Apart from TSXV regulations, the Canadian federal government also maintains restrictions on economic activities between Canada and certain foreign countries. While the specific extent of the sanctions varies by country, Canada currently maintains sanctions or restrictions against the following countries: Belarus, Central African Republic, China, Democratic People's Republic of Korea, Democratic Republic of the Congo, Haiti, Iran, Iraq, Lebanon, Libya, Mali, Moldova, Myanmar, Nicaragua, Russia, Somalia, South Sudan, Sri Lanka, Sudan, Syria, Tunisia, Ukraine, Venezuela, Yemen and Zimbabwe. While this legislation may not directly prohibit listing on the exchange, it may, depending on the country involved, restrict a foreign company's ability to trade its shares or raise capital through its TSXV listing.

TSXV listing requirements

The TSXV generally does not accept applications for listing of securities of an issuer other than common shares, except where the common shares of that issuer are already listed, or where the common shares and the other class of securities will be contemporaneously listed, on the TSXV.

The TSXV divides applicants, based on standards, including their stage of development, historical financial performance and financial resources, into either Tier 1 or Tier 2. Tier 1 is the TSXV's premier tier and is reserved for the most advanced issuers with the most significant financial resources. Tier 2 is the tier where the majority of the TSXV's listed issuers trade. There are four subcategories under both tiers: mining, oil and gas (exploration or reserves), industrial/technology/life sciences, and real estate or investment.

Tier 2 initial listing requirements

Each Tier 2 applicant must meet requirements concerning its working capital and financial resources, as well as the public distribution of its shares.

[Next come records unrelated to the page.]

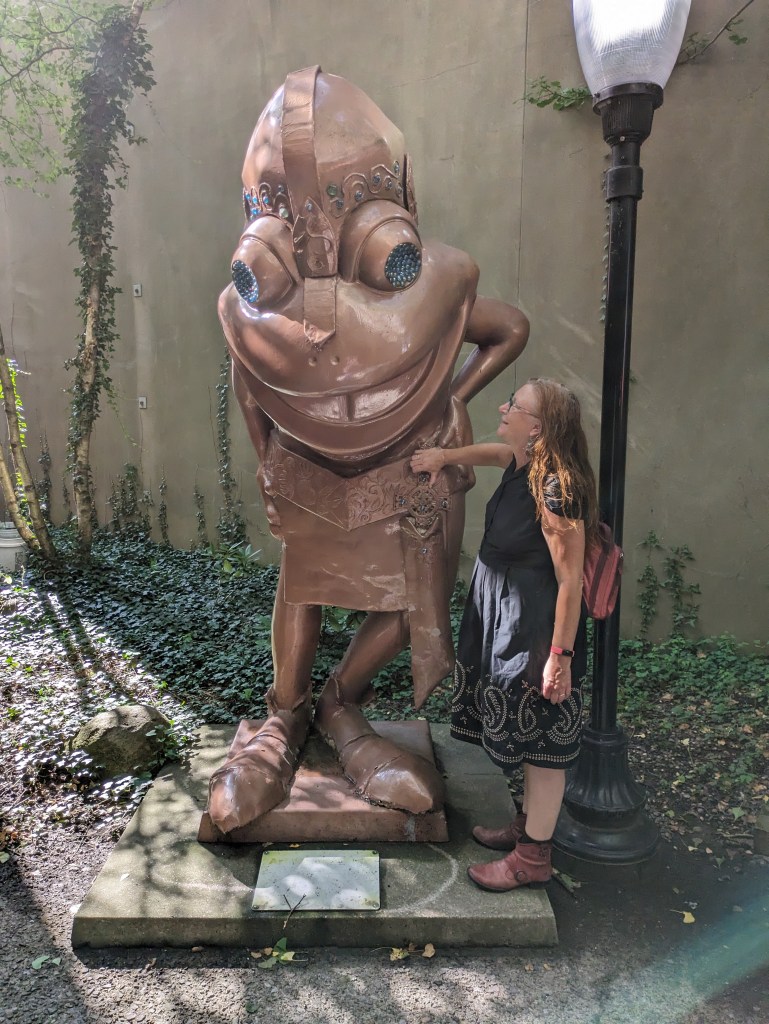 LeapFrog! was a fundraiser in Erie, PA, in 2004. Amy H.’s map helped us find this one in the interior courtyard of the Avalon Hotel in 2023. Shelly then challenged “Art-thurian King” by Jodi Staniunas Hopper to his sword.
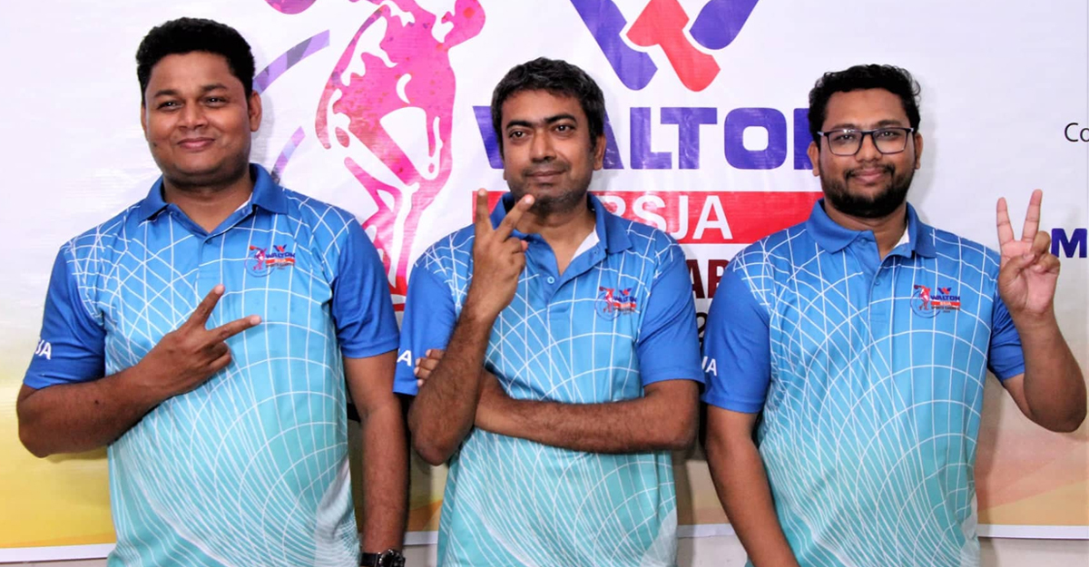 বিএসজেএ কলব্রিজের চ্যাম্পিয়ন মাহবুব আলম খান বাবু (মাঝে), রানার্স আপ তরিকুল ইসলাম সজল (ডানে) ও তৃতীয় নুর উদ্দিন/বিএসজেএ
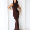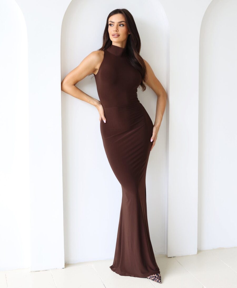 Wyjątkowy kolor, klasyczny krój i maksimum kobiecości. Zaya w odcieniu głębokiej czekolady to model, który wyróżnia się subtelną elegancją i nietuzinkową barwą. Zabudowana góra ze stójką nadaje sylwetce szlachetnego wyrazu, a syreni dół dopasowuje się do ciała, podkreślając kobiece linie i optycznie wydłużając figurę. To idealna propozycja na wieczorne wyjścia – czekoladowy kolor pięknie prezentuje się w sztucznym świetle i jest świetną alternatywą dla klasycznej czerni. Zabudowany tył zapewnia komfort noszenia i świetne dopasowanie nawet podczas intensywnego ruchu. Wybór rozmiaru – warto wiedzieć Zaya została wykonana z miękkiego i elastycznego materiału, który dobrze dopasowuje się do sylwetki. Jeśli wahasz się między rozmiarami – mniejszy może się sprawdzić, ale przy intensywnym ruchu materiał pracuje, dlatego zalecamy dobranie rozmiaru zgodnie z tabelą, aby uniknąć ryzyka pęknięcia na szwie. Detale i wykończenie Sukienka uszyta jest z podwójnej warstwy materiału – nie prześwituje, idealnie się układa i nie eksponuje wewnętrznych szwów. Tkanina jest gładka i przyjemna w dotyku, ale delikatna – warto unikać kontaktu z elementami, które mogą ją zaciągnąć, jak torebki z cekinami czy szorstkie powierzchnie.
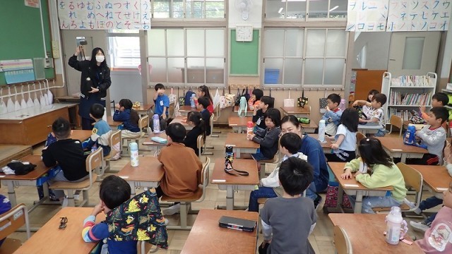 はじめに、ランドセルの片付け方を教わりました。必要なものを机の中にしまって、ランドセルや帽子を教室の後ろのロッカーに片付けました。何をするにもはじめてのことで戸惑いながらですが、だんだんと学校生活の約束事を身に付けていくでしょう。
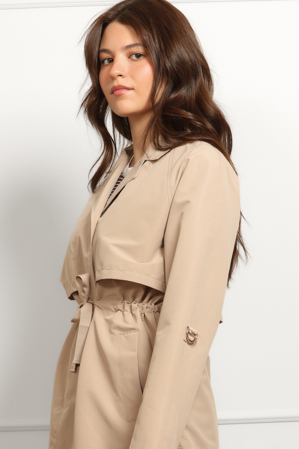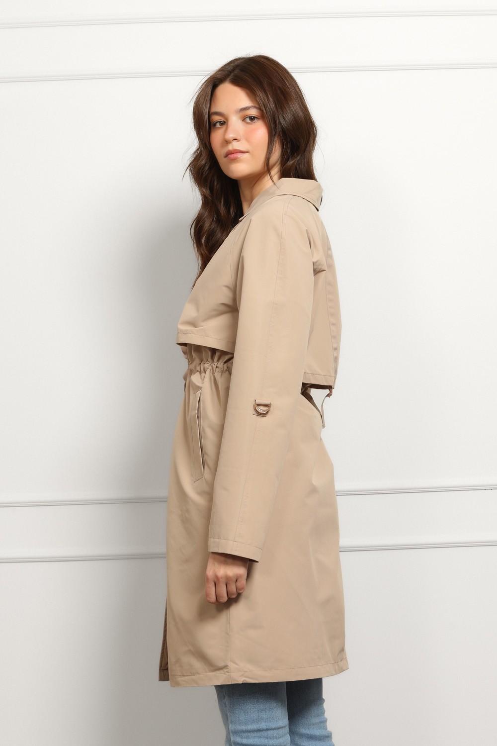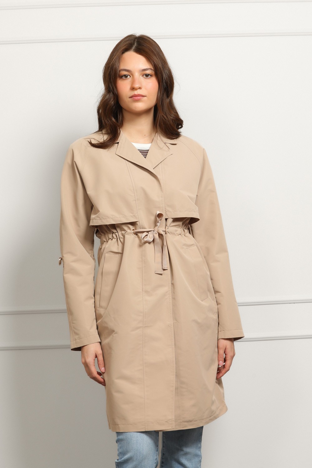 Lagani materijal čini ga idealnim prijelaznom jaknom za proljeće i jesen, a neutralna bež nijansa lako se kombinira.

Working capital and financial resources. The applicant must have:

  • Adequate working capital and financial resources to carry out its stated work program or execute its business plan for 12 months following listing.
  • C$100,000 (approximately US$75,460) in unallocated funds.

Public distribution. The applicant must have:

  • Public float of 500,000 shares.
  • 200 public shareholders each holding a board lot and having no resale restrictions on their shares.
  • 20% of issued and outstanding shares in the hands of public shareholders.

Also:

Mining. A mining company must have:

  • A significant interest in a qualifying property or, at the discretion of the exchange, a right to earn a significant interest in a qualifying property.
  • Sufficient evidence of at least C$100,000 (approximately US$75,460) of approved expenditures by the issuer on the qualifying property within the 36 months before the application for listing.
  • A work program with an initial phase of no less than C$200,000 (approximately US$150,920), as recommended in a geological report.
  • A geological report recommending completion of the work program.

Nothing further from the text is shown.